In this round we also got a lot of documented stories, and it's nice to see what people appreciated. How family whānau liked to be engaged with, what kinds of issues were being addressed, that kind of detail tends not to come through historically, so that was particularly good to see. There was limited quantitative evidence across these eight reports because most of them were either qualitative or mixed with a qualitative bias perhaps, so it will be good to see the Family Start Impact Evaluation that comes through soon.

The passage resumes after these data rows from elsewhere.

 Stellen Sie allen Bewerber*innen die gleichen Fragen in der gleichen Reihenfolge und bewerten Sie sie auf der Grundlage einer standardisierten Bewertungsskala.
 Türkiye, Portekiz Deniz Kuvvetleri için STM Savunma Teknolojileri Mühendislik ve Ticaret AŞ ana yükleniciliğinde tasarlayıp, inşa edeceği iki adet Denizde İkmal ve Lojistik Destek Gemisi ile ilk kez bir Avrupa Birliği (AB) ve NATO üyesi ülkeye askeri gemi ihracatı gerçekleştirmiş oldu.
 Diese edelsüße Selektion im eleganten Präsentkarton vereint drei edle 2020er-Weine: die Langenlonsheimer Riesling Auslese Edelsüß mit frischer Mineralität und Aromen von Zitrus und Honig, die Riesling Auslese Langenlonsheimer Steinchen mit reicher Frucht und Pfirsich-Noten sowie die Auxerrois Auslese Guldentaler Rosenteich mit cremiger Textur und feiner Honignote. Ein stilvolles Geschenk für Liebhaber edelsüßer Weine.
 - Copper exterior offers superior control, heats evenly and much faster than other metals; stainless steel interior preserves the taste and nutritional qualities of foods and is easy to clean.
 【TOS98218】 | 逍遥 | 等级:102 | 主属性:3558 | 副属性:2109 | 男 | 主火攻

There are, of course, the quantitative stuff come through from MSD 2016, 2017, 2018, so we had three quasi-experimental design studies, two on Social Workers in Schools and one on Family Start and some encouraging, positive material coming through from that, some statistically significant findings, one particularly encouraging result was in relation to sudden infant death, so it would be useful to see whether that's echoed in the next one. I think that's quite early days in terms of the use of the IDI and it was quite exploratory, I thought, but it would be useful to look at some of that material in the light of what's coming through just now.

Okay, some broad implications. There's firm foundations. I mean, these programmes are welcome by family whānau, welcome by professionals, we have staff within this building and in NGOs across the country, Partnering for Outcomes advisors with up to 20 years' experience of developing and delivering early intervention. My caveat is, it looks easy, but it ain't. It's very tricky to recalibrate all of these elements so that they work harmoniously together and I think if we look back, we can see historically where it has worked and where it hasn't worked and how learning has had to be continuously applied in a fast moving environment, particularly around whānau ora.

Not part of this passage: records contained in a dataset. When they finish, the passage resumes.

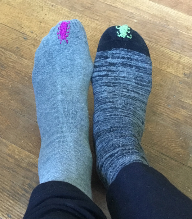First let me say this isn't about the cost of a sock. This is about fighting back against the throw-away, out-of-control consumerism that has brought us to the brink of the apocalypse. It is also about combatting the emotional embarrassment of finding yourself at someone's house or, worse yet, a spiritual retreat in Ojai, where it becomes clear that the exception is that everyone is expected to remove their shoes. And it is about cute little bugs. It is a win-win scenario. Part of the Summer of Invention has been about tuning in to quotidian, annoying little problems that generally go unnoticed and figuring out how to fix them.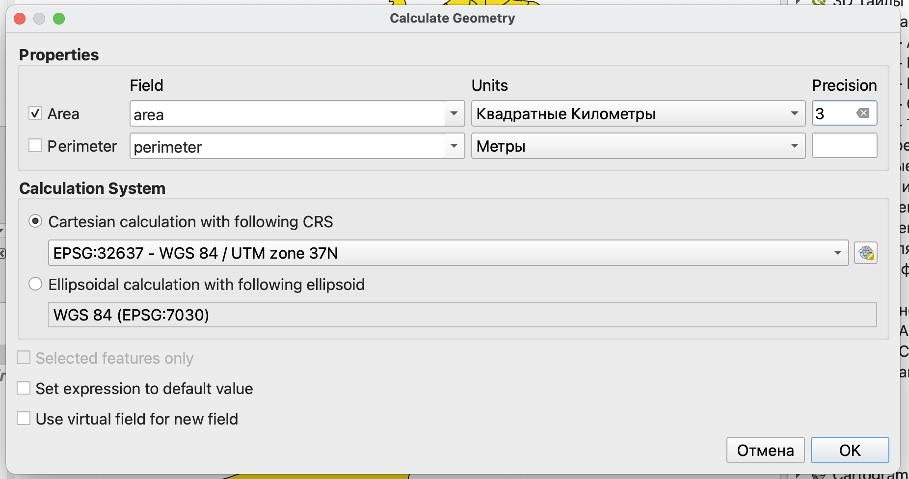 В открывшемся окне модуля выберем расчет площади area в квадратных километрах и системе координат EPSG: 32637 - UTM zone 37N.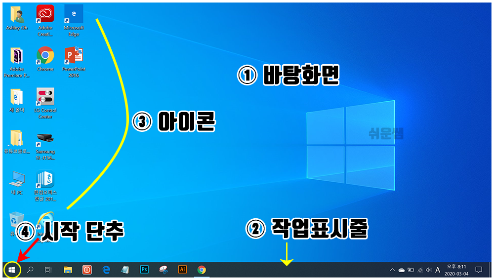 윈도우10 바탕화면 구성 및 용어, 작업표시줄 용어, 시작메뉴 용어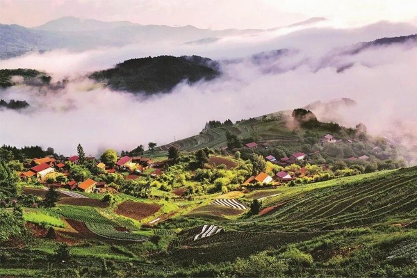村落依山而建,幾十戶人家錯落分佈在山谷之間。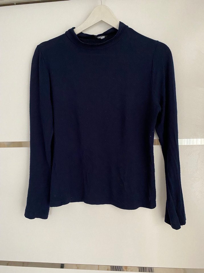Lacivert renkte, yüksek yakalı ve uzun kollu kadın dar kesimi ve sade tasarımıyla günlük sokak stiline uygun.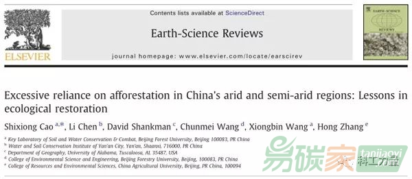 實際上,關(guān)于西北干旱地區(qū)“植樹造林”是否“耗水”問題,中國有關(guān)學(xué)者也在很早就展開相關(guān)研究。2011年在國際著名地學(xué)期刊《Earth-Science Rexiews》上,一篇名為《Excessive reliance on afforestation in China's arid and semi-arid regions: Lessons in ecological restoration》文章就指出,中國西北干旱地區(qū)植樹造林需要因地制宜,選擇灌木草本或原生植物環(huán)境改善。
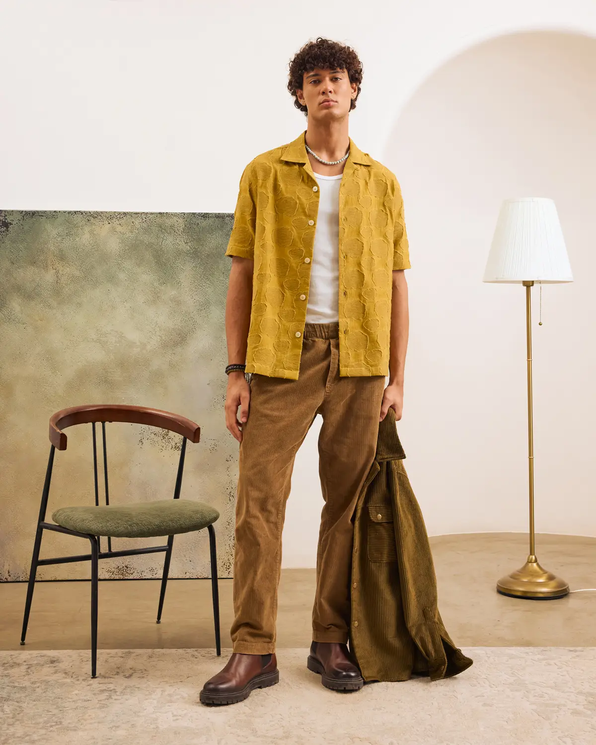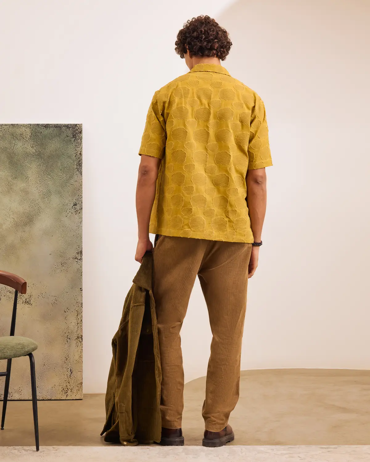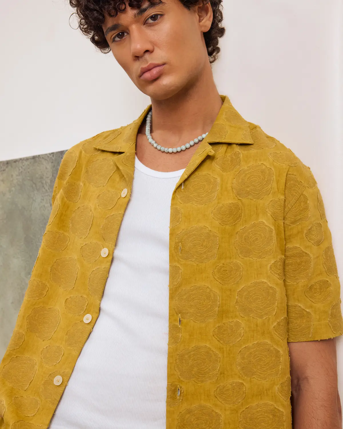 Short-sleeve shirt cut in a relaxed silhouette with an open collar. Crafted in a texture-forward fabric with a raised tonal pattern that adds depth through surface.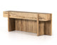 Simple and streamlined to showcase natural beauty. Finished in a weathered wheat, solid reclaimed pine fashions a modern media console with rustic vibes.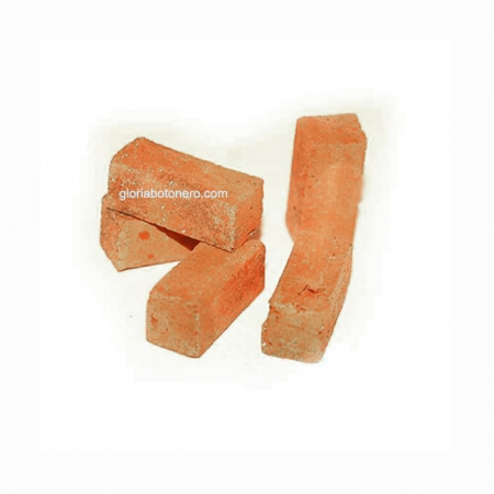 Elaborado en barro cocido. Medida de cada pieza: 0,8 x 0,7 x 0,5 cm. Precio de la caja con 500 unidades.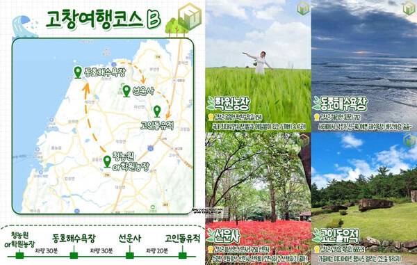 아래 코스 중 취향에 맞는 코스를 선택해 보다 알차게 고창 여행을 즐기시길 바랍니다 :)

Secondly, I say there's a common issue around collaborate or compete. There's quite a lot of competition in the current framework. I think there's also some implications around how we actually roll out national programmes, Strengthening Families I think took five minutes, Social Workers in Schools and Family Start, they're nigh on 15 years to get that whole programme rolled out onto a national basis and Children's Teams, before the decision to transition away from that model, you know, the projections of when that will be fully in place were quite long term and I think that just makes it very difficult for everybody that these things are moving at such different paces.

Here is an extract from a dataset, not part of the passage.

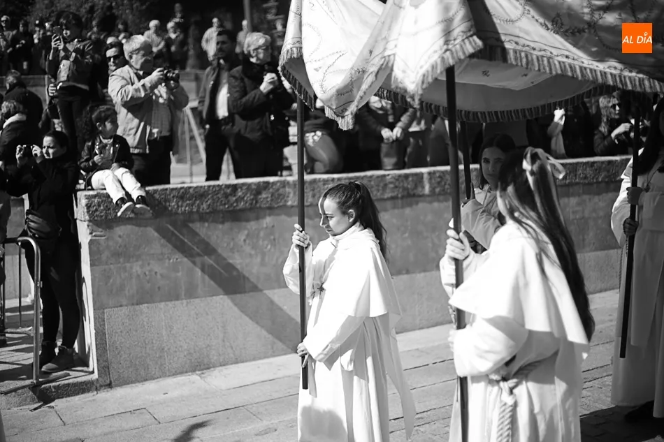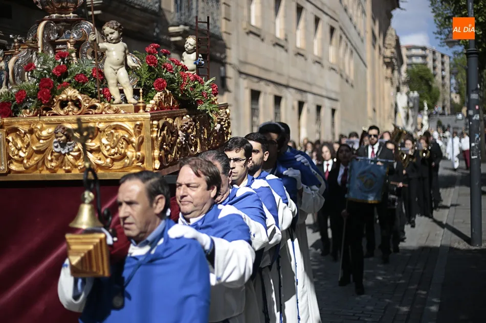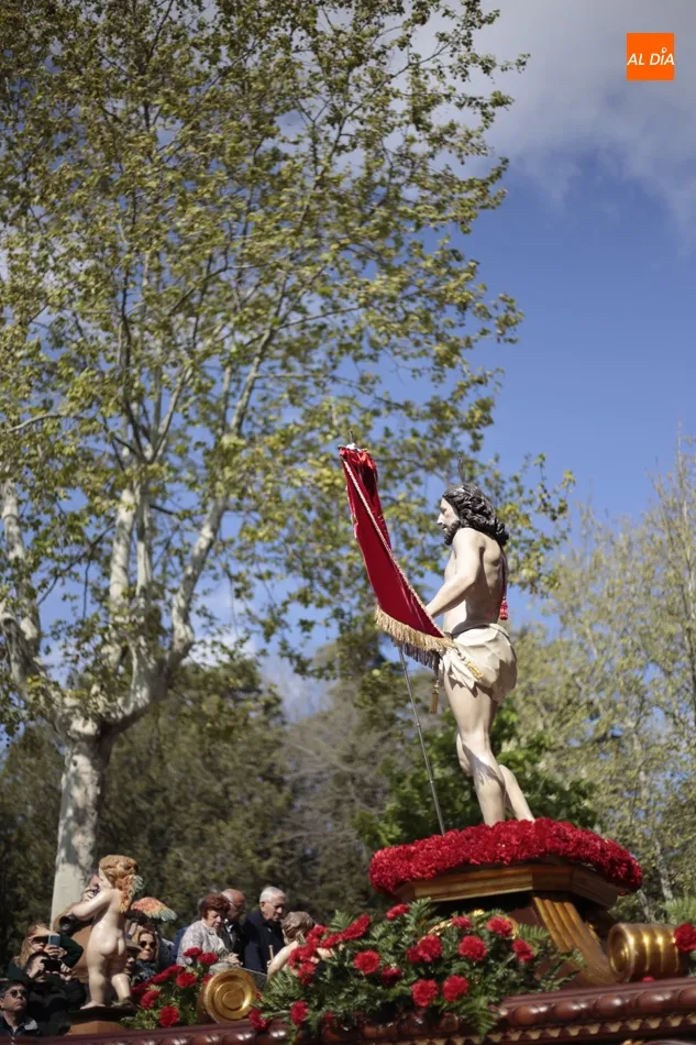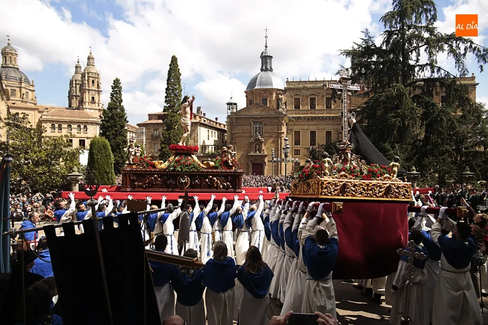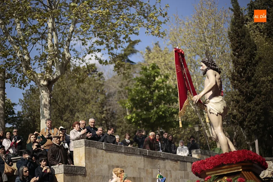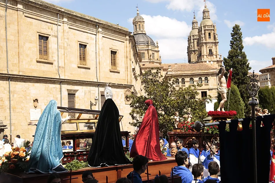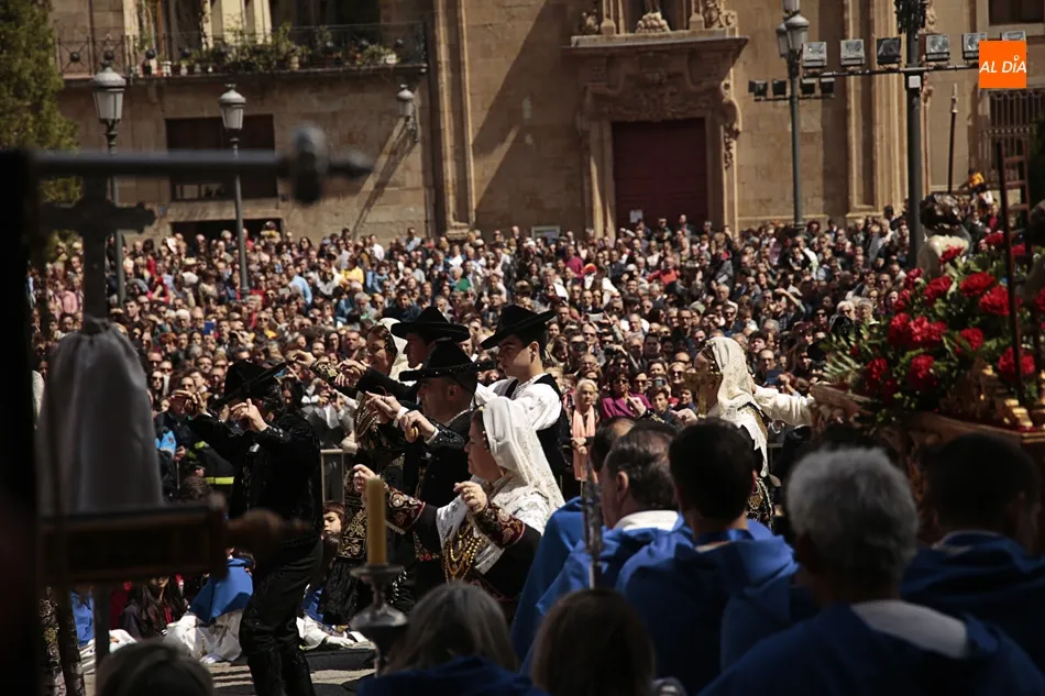 La Semana Santa salmantina llegaba a su fin este Domingo de Resurrección con el esperado acto del Encuentro que ha estado acompañado por el sol y por una agradable temperatura. Es uno de los acontecimientos más arraigados en la tradición religiosa de la capital charra y se trata de la segunda procesión más antigua de Salamanca con la que se despide una intensa semana de Pasión.

Certainly for me, one of the messages is that we need to find ways of speeding up this process and having effective programmes in place all at one time across the country, piloting what needs to be piloting but find ways to learn much quicker than perhaps we've done in the past.

And I think the last implication was it does highlight that the provision in many areas feels quite limited and whilst the likes of Family Start have done a lot of work in terms of connecting that service with the universal services, I'm not sure that's being done as much in the other programmes.

So, thank you for listening. Thank you.